[[ Record set open ]]

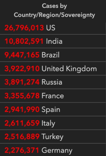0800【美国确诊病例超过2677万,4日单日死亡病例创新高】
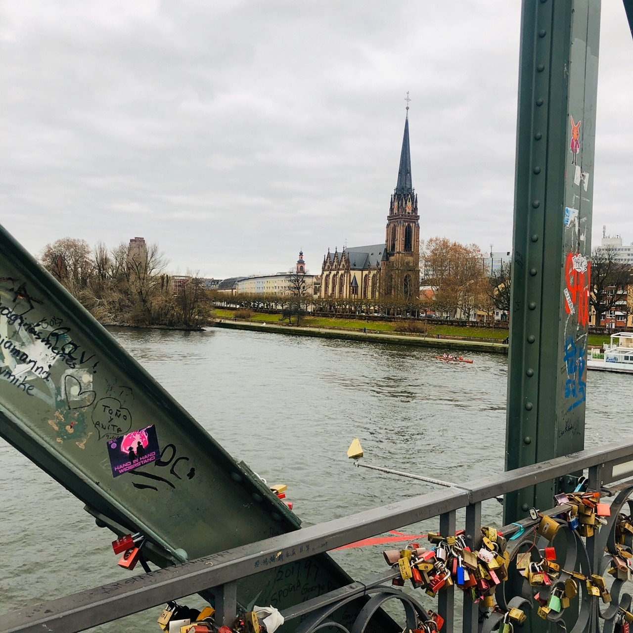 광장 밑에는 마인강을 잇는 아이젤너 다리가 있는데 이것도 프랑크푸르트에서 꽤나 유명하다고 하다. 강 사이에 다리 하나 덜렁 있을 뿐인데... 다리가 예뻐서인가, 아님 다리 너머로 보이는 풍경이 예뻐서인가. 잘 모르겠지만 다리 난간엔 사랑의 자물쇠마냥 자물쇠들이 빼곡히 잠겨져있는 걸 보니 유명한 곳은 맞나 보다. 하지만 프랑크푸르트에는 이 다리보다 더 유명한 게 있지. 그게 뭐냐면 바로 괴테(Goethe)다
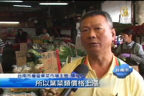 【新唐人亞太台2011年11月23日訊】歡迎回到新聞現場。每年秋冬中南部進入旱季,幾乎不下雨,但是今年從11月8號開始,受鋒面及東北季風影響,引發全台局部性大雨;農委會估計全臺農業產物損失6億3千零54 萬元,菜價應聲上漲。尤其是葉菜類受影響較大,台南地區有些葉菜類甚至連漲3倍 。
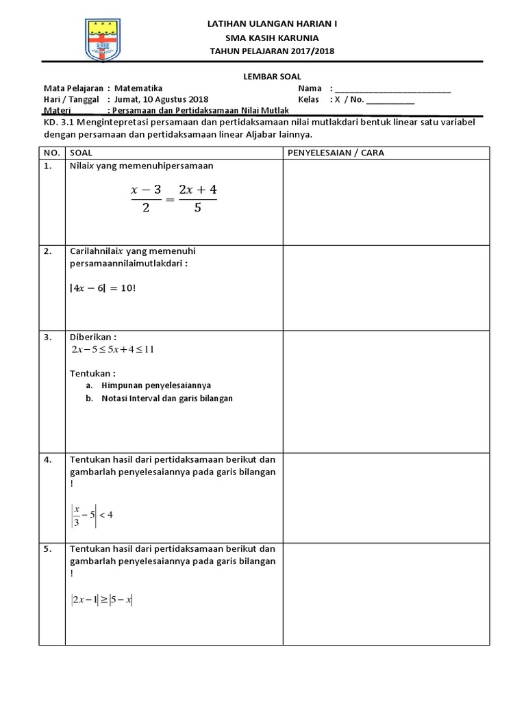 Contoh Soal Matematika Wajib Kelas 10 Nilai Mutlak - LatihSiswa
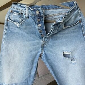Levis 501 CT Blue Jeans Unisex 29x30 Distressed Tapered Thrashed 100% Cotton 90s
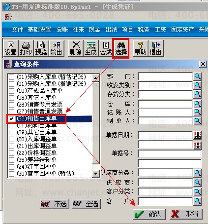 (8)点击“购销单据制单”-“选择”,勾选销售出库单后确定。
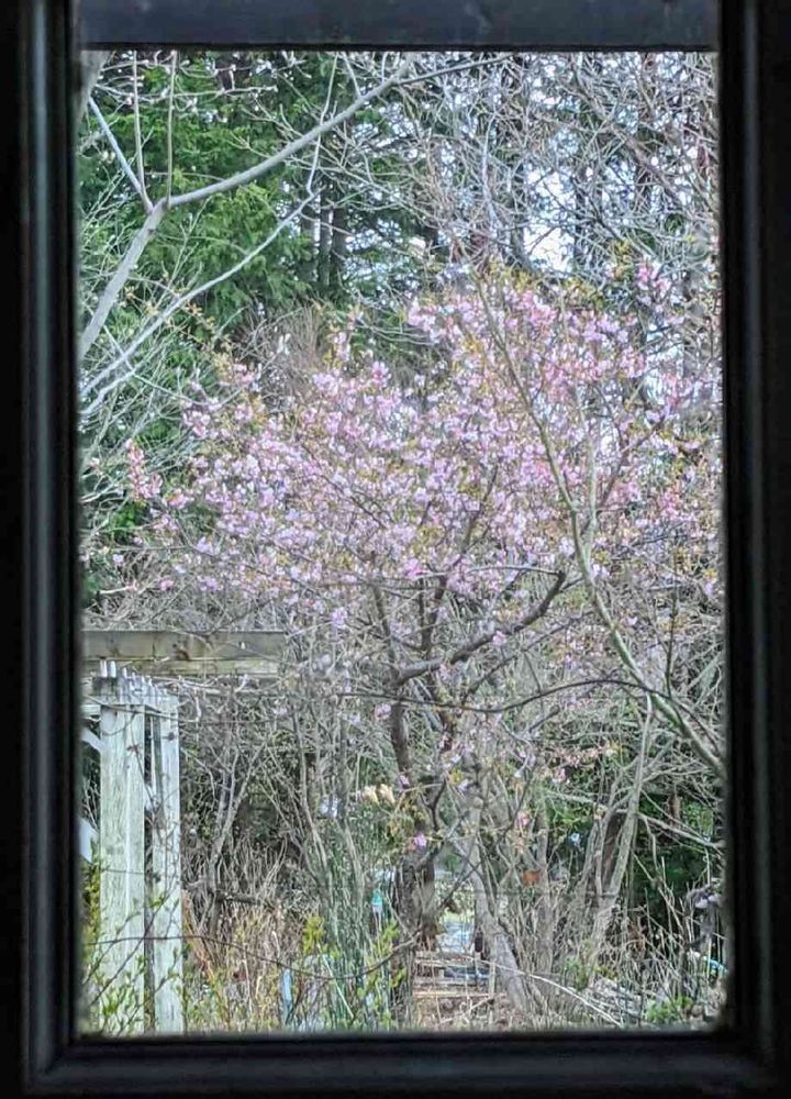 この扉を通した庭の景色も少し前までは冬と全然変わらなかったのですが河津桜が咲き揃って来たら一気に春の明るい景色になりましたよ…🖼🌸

[[ Record set closed ]]
[[ Record set open ]]

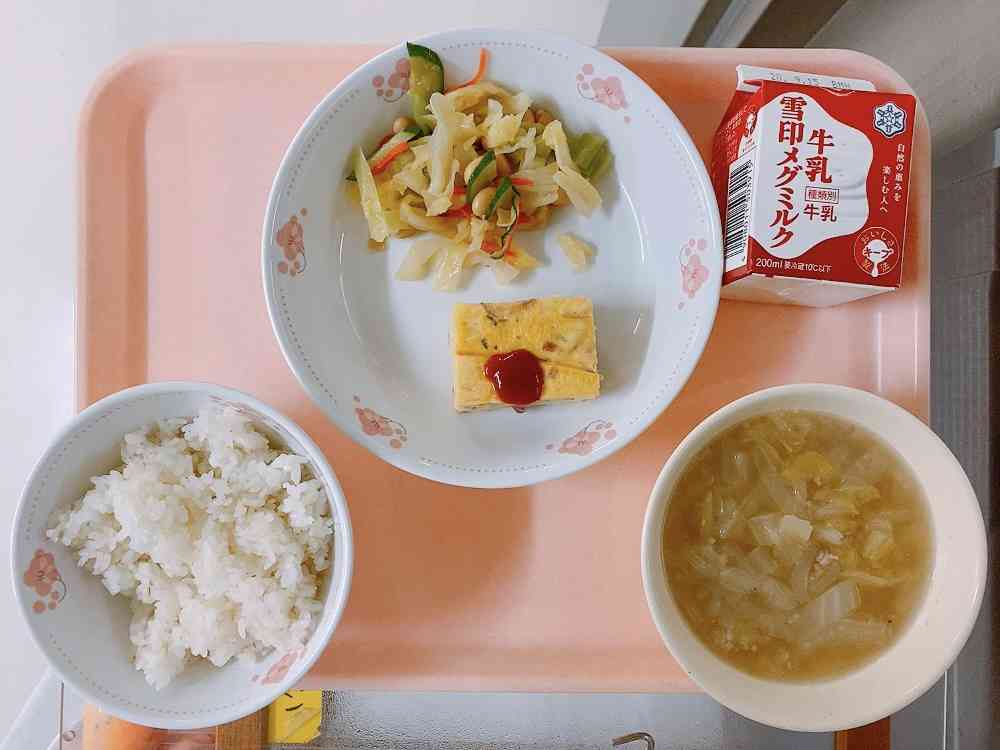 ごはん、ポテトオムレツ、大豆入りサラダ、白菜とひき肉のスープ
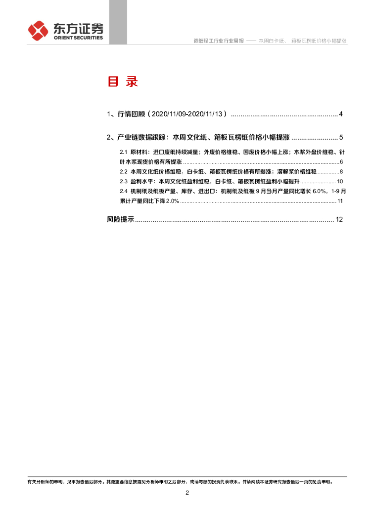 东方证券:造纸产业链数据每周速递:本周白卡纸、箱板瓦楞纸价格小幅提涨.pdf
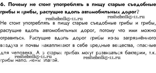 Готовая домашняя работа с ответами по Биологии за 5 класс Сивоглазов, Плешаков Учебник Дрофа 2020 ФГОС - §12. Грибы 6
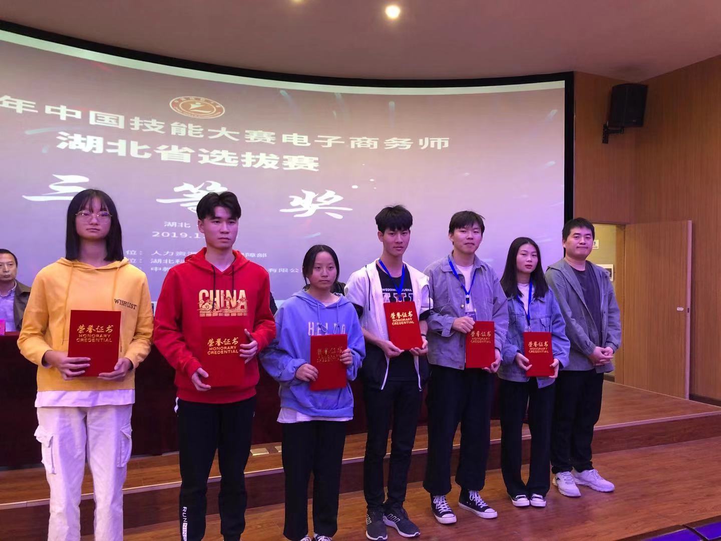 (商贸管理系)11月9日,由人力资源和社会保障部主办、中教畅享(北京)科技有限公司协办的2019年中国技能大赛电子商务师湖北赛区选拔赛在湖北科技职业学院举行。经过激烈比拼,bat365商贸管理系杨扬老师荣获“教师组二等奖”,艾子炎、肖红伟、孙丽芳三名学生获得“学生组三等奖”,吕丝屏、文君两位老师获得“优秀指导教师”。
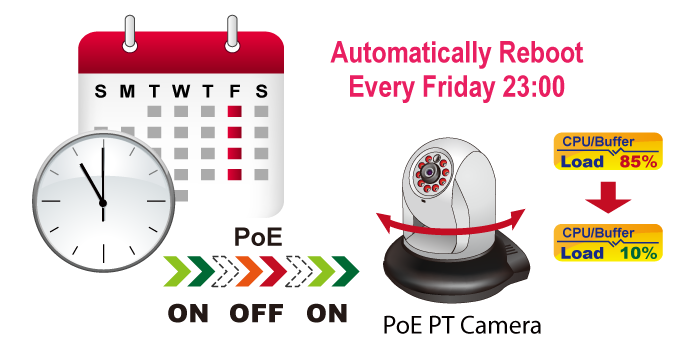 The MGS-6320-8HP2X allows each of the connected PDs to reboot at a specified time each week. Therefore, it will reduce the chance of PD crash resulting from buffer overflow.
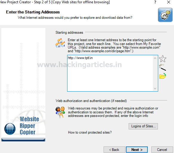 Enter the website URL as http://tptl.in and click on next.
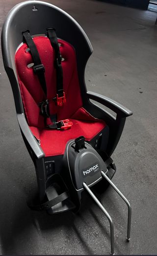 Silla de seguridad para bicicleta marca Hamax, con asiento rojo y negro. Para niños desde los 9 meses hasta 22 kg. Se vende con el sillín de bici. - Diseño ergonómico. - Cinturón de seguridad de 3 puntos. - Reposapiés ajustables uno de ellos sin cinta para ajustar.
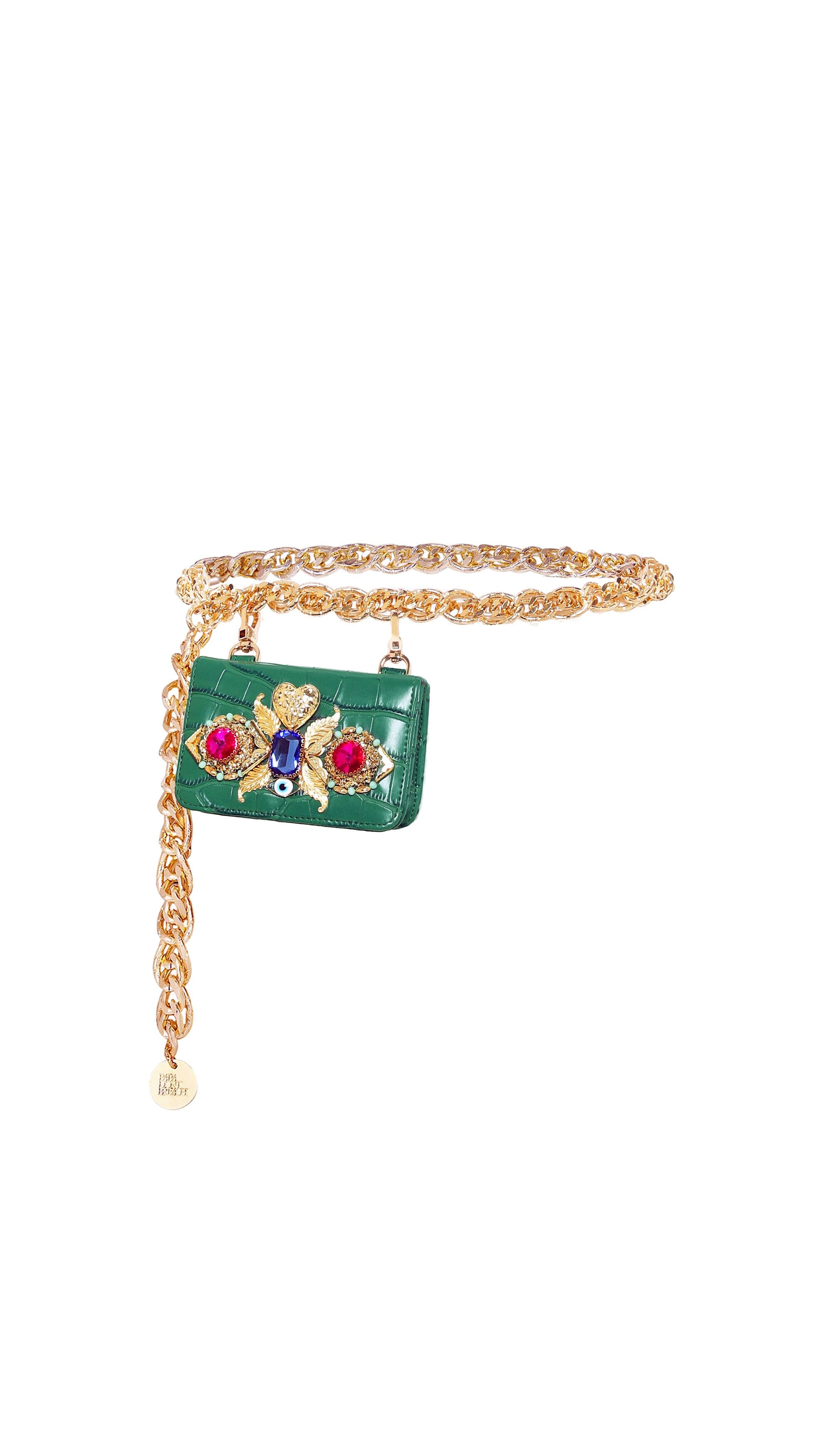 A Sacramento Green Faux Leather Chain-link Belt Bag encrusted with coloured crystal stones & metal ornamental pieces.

[[ Record set closed ]]

● **Your instructions**
Pictures excluded, give again exactly and only the lines of the material above from the line with "0800【美国确诊病例超过2677万,4日单日死亡病例创新高】" through the line with "この扉を通した庭の景色も少し".

● **Reply to the exercise**
0800【美国确诊病例超过2677万,4日单日死亡病例创新高】
 광장 밑에는 마인강을 잇는 아이젤너 다리가 있는데 이것도 프랑크푸르트에서 꽤나 유명하다고 하다. 강 사이에 다리 하나 덜렁 있을 뿐인데... 다리가 예뻐서인가, 아님 다리 너머로 보이는 풍경이 예뻐서인가. 잘 모르겠지만 다리 난간엔 사랑의 자물쇠마냥 자물쇠들이 빼곡히 잠겨져있는 걸 보니 유명한 곳은 맞나 보다. 하지만 프랑크푸르트에는 이 다리보다 더 유명한 게 있지. 그게 뭐냐면 바로 괴테(Goethe)다
 【新唐人亞太台2011年11月23日訊】歡迎回到新聞現場。每年秋冬中南部進入旱季,幾乎不下雨,但是今年從11月8號開始,受鋒面及東北季風影響,引發全台局部性大雨;農委會估計全臺農業產物損失6億3千零54 萬元,菜價應聲上漲。尤其是葉菜類受影響較大,台南地區有些葉菜類甚至連漲3倍 。
 Contoh Soal Matematika Wajib Kelas 10 Nilai Mutlak - LatihSiswa
Levis 501 CT Blue Jeans Unisex 29x30 Distressed Tapered Thrashed 100% Cotton 90s
 (8)点击“购销单据制单”-“选择”,勾选销售出库单后确定。
 この扉を通した庭の景色も少し前までは冬と全然変わらなかったのですが河津桜が咲き揃って来たら一気に春の明るい景色になりましたよ…🖼🌸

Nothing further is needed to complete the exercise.